¿Por qué la política económica parece no solucionar problemas económicos?

Quien fuera presidente del Consejo de Asesores Económicos del presidente Barack Obama, de 2013 a 2017, teoriza sobre el futuro de los países más desarrollados y los emergentes. Serie Pensadores 2017-2018.

Jason Furman * / Especial para El Espectador / Cambirdge
24 de enero de 2018 - 02:00 a. m.
Según Jason Furman -aquí a la izquierda, cuando era asesor económico de Barack Obama-, hay “desconexión entre las aspiraciones económicas de los descontentos y las herramientas políticas que tenemos a nuestra disposición para enfrentarlas”. / Foto de archivo de la Casa Blanca
Según Jason Furman -aquí a la izquierda, cuando era asesor económico de Barack Obama-, hay “desconexión entre las aspiraciones económicas de los descontentos y las herramientas políticas que tenemos a nuestra disposición para enfrentarlas”. / Foto de archivo de la Casa Blanca
Foto: The White House - Chuck Kennedy

El pasado año ha sido testigo de varios ataques, y de algunos intentos frustrados, al orden global basado en las reglas que ha apuntalado la prosperidad en las economías avanzadas del mundo y el rápido crecimiento de muchas economías emergentes. Luego se sucedió un debate candente sobre si la causa fundamental de estos ataques populistas es económica o cultural. Sospecho que la respuesta es una mezcla de ambas cosas, especialmente porque las explicaciones culturales plantean el interrogante de por qué ahora, mientras que las explicaciones económicas ofrecen una pronta respuesta: la desaceleración significativa del crecimiento del ingreso.

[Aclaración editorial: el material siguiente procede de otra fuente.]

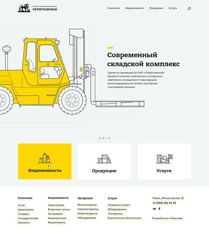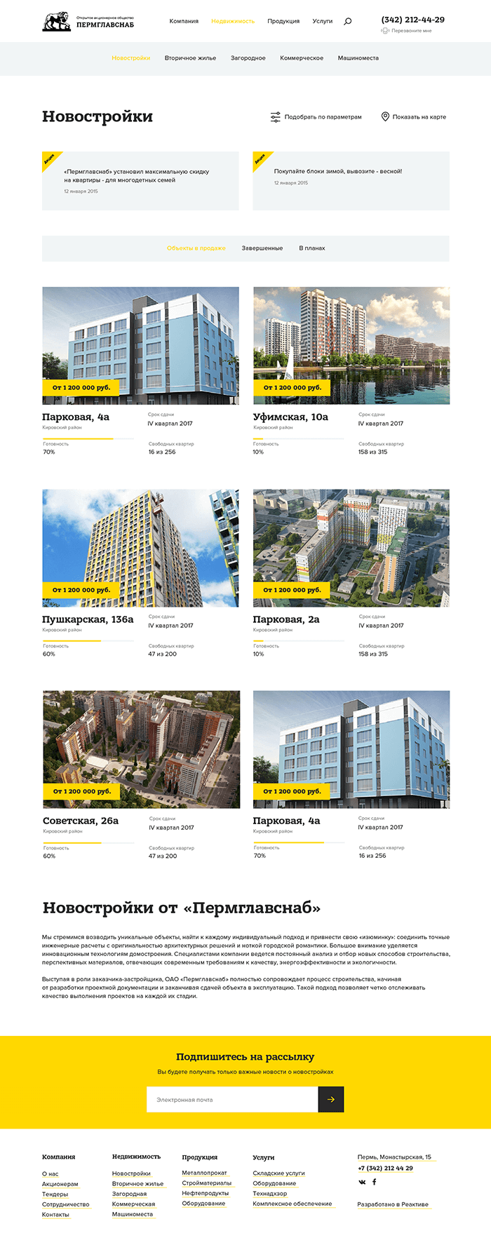 Раздел «Недвижимость» включает самые разнообразные ее виды. Здесь пользователям предлагается впечатлиться новостройками «ПермГлавСнаб», изучить предложения на рынке вторичного жилья, выбрать себе участок земли для загородного участка, забронировать машиноместо или присмотреть офис для покупки или аренды. Под каждую задачу создана хорошо продуманная структура навигации и удобная функциональность с разнообразными фильтрами, формами заявки, слайдерами и возможностями продвижения. Для того, чтобы разнообразие информации все же упорядочить и не запутывать пользователей, большинство страниц создано по одному удобному и понятному шаблону.

Un interrogante más difícil es qué se puede hacer al respecto. El desafío que enfrentamos consiste en la desconexión entre las aspiraciones económicas de los descontentos y las herramientas políticas que tenemos a nuestra disposición para enfrentarlas. Y, en algunos casos, las propias herramientas pueden ser políticamente contraproducentes.

Aun así debemos intentarlo, porque las encuestas de satisfacción con la vida revelan algunas tendencias perturbadoras. La satisfacción con la vida en Estados Unidos, según la medición de la Encuesta Social General, llegó a un pico en 1990 y ha venido descendiendo de modo sostenido, incluso a pesar de que los ingresos de los hogares han aumentado (aunque de manera tibia). Otras economías importantes también han experimentado niveles en baja de bienestar autodeclarado, incluida Italia, donde la medición de satisfacción con la vida de Pew alcanzó un pico en 2002, y también Francia.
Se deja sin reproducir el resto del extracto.